§ **What to work on**: Starting at the line that contains "Vintage 90s Brown" in the listing below, write out every line word for word until you have written the line that contains "1813 (11 Dec.)".

§ **Data extract**:

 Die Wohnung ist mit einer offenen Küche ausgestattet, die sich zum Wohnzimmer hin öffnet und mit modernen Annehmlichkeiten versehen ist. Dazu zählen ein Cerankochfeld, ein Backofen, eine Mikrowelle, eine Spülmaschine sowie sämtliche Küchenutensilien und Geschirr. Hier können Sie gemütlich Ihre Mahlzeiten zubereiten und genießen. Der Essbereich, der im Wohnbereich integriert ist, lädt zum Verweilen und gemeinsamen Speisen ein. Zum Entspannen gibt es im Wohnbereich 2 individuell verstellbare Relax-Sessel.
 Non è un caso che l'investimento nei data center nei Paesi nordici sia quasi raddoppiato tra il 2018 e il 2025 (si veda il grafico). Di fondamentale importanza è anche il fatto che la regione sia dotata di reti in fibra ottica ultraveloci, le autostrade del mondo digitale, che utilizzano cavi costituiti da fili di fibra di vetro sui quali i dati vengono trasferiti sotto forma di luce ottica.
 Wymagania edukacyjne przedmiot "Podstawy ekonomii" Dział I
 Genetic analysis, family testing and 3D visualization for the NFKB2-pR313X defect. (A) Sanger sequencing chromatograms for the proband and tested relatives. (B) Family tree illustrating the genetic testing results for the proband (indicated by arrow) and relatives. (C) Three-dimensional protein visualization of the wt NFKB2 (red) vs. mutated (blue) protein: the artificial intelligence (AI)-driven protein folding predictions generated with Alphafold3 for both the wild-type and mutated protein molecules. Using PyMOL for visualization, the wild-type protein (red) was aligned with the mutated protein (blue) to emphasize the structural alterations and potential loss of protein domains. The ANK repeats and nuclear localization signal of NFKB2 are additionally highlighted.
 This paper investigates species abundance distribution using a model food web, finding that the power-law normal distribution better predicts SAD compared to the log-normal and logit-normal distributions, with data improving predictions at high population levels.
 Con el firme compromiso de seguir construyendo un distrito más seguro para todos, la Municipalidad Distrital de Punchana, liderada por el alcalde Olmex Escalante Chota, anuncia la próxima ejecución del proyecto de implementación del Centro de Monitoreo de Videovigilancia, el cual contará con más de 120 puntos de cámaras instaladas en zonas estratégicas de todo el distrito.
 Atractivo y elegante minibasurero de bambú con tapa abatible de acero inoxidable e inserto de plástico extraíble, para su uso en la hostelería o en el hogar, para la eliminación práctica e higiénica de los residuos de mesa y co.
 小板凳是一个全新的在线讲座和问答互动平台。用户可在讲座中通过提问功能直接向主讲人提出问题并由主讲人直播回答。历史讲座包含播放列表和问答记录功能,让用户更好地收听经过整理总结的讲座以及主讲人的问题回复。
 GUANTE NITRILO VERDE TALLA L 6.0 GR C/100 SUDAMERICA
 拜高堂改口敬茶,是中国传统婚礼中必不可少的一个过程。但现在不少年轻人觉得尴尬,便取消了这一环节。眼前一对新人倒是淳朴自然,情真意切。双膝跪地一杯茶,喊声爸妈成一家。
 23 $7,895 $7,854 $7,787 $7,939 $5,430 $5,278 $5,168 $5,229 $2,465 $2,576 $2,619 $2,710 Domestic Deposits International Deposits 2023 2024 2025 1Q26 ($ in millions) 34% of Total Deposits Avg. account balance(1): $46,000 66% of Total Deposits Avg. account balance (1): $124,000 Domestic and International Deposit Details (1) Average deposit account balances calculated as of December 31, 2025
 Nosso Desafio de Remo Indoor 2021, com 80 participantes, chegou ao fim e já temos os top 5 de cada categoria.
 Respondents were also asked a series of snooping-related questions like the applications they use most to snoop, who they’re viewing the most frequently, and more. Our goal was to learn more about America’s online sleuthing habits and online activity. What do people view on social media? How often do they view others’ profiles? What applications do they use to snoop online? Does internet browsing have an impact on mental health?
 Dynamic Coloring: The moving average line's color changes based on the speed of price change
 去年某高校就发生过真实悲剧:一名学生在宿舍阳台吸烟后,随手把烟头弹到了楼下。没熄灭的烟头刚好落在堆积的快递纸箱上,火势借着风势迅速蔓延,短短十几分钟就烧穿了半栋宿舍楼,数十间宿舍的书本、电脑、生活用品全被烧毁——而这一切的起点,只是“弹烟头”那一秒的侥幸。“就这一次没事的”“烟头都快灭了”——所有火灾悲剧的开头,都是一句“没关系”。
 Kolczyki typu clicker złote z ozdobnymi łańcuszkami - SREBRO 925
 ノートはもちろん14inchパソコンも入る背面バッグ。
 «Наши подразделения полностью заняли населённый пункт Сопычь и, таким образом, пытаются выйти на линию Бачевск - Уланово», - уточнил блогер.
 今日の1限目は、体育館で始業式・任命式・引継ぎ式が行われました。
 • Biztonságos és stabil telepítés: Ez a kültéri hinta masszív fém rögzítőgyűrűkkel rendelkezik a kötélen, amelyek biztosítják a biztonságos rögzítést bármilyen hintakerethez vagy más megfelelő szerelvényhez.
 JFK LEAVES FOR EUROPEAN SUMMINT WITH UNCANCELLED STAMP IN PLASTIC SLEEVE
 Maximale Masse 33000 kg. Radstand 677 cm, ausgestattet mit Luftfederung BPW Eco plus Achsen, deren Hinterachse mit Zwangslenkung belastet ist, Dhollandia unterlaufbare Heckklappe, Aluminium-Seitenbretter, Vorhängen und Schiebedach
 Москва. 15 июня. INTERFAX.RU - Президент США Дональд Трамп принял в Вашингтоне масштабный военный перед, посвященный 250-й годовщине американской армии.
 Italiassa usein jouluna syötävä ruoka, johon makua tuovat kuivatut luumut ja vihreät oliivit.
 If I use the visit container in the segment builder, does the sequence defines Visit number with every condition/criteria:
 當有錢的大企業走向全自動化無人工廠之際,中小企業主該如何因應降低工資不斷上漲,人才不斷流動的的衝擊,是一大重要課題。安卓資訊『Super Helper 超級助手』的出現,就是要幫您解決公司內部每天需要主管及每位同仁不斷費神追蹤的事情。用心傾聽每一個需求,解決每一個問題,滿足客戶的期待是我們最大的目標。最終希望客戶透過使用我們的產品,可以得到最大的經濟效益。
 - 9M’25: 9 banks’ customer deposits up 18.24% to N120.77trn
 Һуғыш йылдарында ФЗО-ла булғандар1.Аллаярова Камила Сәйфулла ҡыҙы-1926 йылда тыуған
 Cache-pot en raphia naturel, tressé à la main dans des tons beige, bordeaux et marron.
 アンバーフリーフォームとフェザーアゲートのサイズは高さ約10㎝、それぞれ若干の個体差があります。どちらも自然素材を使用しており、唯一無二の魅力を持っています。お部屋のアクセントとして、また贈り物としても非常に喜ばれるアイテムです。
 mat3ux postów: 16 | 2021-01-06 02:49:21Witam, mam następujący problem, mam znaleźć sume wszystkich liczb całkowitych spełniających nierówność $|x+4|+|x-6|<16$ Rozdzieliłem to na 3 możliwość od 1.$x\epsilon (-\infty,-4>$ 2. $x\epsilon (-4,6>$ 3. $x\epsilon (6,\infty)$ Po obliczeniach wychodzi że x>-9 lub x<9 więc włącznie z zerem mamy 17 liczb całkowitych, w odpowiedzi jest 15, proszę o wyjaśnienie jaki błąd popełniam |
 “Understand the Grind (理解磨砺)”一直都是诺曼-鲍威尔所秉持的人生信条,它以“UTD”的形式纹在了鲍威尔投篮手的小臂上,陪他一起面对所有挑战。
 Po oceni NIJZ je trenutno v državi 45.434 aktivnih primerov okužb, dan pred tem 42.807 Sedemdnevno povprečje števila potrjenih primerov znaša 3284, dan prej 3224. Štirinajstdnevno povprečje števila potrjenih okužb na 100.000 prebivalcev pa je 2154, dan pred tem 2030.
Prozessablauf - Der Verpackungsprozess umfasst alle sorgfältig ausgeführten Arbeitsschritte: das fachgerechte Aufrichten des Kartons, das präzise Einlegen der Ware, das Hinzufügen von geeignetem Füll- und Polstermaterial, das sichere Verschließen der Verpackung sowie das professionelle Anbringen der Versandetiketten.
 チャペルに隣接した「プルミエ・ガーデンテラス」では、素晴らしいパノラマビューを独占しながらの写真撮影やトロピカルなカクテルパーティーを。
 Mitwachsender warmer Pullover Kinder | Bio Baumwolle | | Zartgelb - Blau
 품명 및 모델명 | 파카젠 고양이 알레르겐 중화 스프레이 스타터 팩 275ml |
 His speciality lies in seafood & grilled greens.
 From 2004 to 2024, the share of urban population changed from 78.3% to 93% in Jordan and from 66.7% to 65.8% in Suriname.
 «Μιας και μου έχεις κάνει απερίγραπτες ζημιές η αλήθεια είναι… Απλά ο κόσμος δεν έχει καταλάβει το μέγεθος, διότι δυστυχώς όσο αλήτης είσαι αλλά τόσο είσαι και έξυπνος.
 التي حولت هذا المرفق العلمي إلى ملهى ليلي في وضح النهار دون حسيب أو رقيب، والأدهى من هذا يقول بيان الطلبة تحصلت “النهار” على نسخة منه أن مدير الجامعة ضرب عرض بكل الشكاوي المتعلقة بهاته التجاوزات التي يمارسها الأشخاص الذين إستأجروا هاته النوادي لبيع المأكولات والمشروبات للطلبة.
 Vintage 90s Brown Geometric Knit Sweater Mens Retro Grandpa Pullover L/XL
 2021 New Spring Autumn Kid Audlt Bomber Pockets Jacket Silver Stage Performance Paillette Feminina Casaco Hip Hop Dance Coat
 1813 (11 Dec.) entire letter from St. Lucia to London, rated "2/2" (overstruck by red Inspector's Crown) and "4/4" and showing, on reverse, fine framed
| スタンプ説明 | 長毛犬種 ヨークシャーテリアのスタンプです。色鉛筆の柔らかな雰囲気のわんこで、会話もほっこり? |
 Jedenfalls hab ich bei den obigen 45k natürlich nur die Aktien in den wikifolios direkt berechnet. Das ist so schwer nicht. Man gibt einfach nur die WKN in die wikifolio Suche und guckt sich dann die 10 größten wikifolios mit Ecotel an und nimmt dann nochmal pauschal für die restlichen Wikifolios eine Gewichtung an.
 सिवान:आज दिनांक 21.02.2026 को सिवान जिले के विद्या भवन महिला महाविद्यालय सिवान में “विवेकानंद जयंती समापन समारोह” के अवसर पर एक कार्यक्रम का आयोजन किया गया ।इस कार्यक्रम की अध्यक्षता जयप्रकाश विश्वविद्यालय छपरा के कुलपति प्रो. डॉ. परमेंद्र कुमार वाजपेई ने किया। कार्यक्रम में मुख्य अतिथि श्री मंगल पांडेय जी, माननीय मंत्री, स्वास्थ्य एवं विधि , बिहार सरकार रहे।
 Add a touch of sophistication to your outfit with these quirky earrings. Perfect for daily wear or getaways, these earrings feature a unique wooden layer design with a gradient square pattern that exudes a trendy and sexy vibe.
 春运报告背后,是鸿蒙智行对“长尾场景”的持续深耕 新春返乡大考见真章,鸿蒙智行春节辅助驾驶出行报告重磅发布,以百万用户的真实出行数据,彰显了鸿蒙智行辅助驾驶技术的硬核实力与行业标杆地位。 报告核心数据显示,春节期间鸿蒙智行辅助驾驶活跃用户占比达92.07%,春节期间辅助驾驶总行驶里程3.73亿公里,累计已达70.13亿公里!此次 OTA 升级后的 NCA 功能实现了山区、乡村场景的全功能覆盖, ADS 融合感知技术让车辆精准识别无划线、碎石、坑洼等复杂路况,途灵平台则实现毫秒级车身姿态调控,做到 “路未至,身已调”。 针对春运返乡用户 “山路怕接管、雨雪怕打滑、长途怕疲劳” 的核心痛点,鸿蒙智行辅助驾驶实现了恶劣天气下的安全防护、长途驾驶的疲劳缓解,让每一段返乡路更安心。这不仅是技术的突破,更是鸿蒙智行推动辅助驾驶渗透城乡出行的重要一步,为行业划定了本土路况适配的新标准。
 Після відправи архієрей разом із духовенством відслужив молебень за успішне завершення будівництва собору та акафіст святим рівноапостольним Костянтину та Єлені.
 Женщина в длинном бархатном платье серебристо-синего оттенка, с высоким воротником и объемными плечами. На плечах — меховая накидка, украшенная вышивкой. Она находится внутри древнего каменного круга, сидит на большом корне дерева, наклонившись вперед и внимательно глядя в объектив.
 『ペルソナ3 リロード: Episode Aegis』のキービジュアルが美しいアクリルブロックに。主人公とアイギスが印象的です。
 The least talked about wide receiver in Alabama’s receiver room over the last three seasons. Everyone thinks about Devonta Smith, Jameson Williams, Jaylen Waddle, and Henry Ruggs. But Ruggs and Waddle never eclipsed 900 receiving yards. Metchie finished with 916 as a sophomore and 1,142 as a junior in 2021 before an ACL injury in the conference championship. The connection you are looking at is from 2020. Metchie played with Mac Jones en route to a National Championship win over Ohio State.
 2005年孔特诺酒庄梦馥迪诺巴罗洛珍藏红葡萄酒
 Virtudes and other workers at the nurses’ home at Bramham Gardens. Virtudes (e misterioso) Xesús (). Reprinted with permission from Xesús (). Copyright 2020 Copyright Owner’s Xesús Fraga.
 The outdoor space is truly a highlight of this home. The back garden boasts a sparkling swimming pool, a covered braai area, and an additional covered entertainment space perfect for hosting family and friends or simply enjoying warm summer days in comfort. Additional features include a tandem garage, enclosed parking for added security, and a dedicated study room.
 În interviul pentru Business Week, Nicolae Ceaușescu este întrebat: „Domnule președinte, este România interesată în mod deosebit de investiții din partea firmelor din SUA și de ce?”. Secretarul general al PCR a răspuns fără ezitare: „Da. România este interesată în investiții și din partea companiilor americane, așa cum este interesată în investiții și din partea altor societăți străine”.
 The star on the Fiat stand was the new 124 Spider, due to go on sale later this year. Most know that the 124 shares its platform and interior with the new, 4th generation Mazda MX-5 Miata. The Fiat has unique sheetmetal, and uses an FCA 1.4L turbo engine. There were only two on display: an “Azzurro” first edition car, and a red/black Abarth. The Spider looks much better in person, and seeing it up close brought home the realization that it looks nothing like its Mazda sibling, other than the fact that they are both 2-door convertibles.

§ **Answer space**:
 Vintage 90s Brown Geometric Knit Sweater Mens Retro Grandpa Pullover L/XL
 2021 New Spring Autumn Kid Audlt Bomber Pockets Jacket Silver Stage Performance Paillette Feminina Casaco Hip Hop Dance Coat
 1813 (11 Dec.) entire letter from St. Lucia to London, rated "2/2" (overstruck by red Inspector's Crown) and "4/4" and showing, on reverse, fine framed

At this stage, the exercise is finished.